Test engineers are interested in understanding the effects of long fiber lengths on the quality of the original transmitted signal from a PON’s optical network unit (ONU). A test engineer, for example, can characterize the optical power attenuation through a network by monitoring bit-error counters on a bit-error ratio tester’s (BERT’s) error detector. The BERT’s error detector could monitor BER in real time as optical power is attenuated until errors are encountered, providing information on the system’s optical sensitivity.
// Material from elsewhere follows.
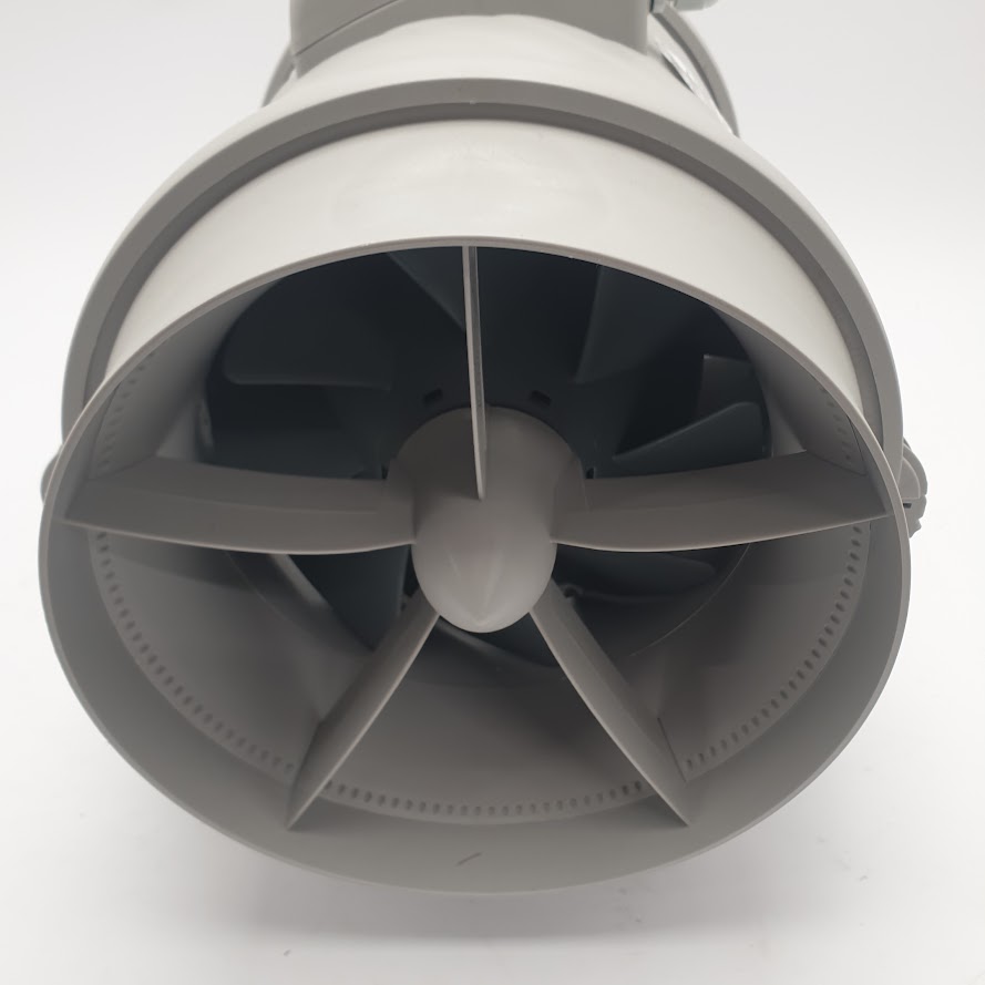 Un ventilateur à flux mixte associe les avantages des ventilateurs axiaux (faible encombrement, fonctionnement silencieux) et centrifuges (pression modérée, débit efficace). La conception inclut un rotor à pales courbes couplé à un diffuseur pour optimiser le flux d’air tout en limitant les turbulences.

However, until recently, you could test PON devices in this way only with a short fiber cable, because the propagation delay between the transmitted optical signal and the received optical signal needed to be small. This article discusses issues related to measuring bit-error ratio (BER) when you test PON components at 1.25 GHz at the physical layer with multiple kilometers of optical fiber inserted between the ONU transceiver and the optical line terminal (OLT) transceiver.
Fiber length matters
In past PON testing scenarios, a small propagation delay was necessary to ensure a synchronous clock with the transmitted signal could be used by the receiver to sample the incoming data correctly. The short propagation delay maintained phase coherency between the transmitted data and the associated synchronous clock provided by the transmitter system. The receiver system used to sample the incoming data for bit error calculation requires a clock to properly align the received data with the expected data stored in the receiver system’s memory. Figure 1 illustrates a phase-synchronous clock able to sample incoming burst data received by a BERT’s error detector.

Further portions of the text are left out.